## Data segment
-*-

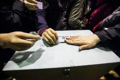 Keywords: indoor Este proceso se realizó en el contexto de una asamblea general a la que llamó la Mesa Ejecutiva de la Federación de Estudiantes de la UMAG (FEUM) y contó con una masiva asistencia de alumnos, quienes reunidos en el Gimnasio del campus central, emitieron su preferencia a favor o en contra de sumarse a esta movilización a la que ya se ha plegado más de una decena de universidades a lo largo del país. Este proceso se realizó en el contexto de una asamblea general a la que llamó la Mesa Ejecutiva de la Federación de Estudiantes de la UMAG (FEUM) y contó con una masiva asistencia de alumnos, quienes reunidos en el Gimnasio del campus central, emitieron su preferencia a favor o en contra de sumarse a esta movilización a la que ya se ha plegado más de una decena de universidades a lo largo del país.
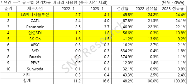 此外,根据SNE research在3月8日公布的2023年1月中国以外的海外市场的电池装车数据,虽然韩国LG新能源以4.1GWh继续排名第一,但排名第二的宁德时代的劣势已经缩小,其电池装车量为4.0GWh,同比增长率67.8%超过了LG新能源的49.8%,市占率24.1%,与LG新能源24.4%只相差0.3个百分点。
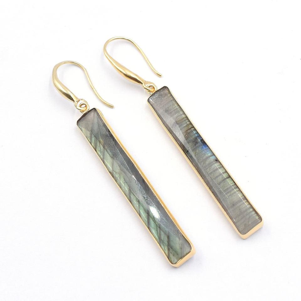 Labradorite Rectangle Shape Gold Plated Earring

-*-

## To do
Keep every word of the lines above unchanged in the copy, and omit the pictures.

## Solution to this task
 Keywords: indoor Este proceso se realizó en el contexto de una asamblea general a la que llamó la Mesa Ejecutiva de la Federación de Estudiantes de la UMAG (FEUM) y contó con una masiva asistencia de alumnos, quienes reunidos en el Gimnasio del campus central, emitieron su preferencia a favor o en contra de sumarse a esta movilización a la que ya se ha plegado más de una decena de universidades a lo largo del país. Este proceso se realizó en el contexto de una asamblea general a la que llamó la Mesa Ejecutiva de la Federación de Estudiantes de la UMAG (FEUM) y contó con una masiva asistencia de alumnos, quienes reunidos en el Gimnasio del campus central, emitieron su preferencia a favor o en contra de sumarse a esta movilización a la que ya se ha plegado más de una decena de universidades a lo largo del país.
 此外,根据SNE research在3月8日公布的2023年1月中国以外的海外市场的电池装车数据,虽然韩国LG新能源以4.1GWh继续排名第一,但排名第二的宁德时代的劣势已经缩小,其电池装车量为4.0GWh,同比增长率67.8%超过了LG新能源的49.8%,市占率24.1%,与LG新能源24.4%只相差0.3个百分点。
 Labradorite Rectangle Shape Gold Plated Earring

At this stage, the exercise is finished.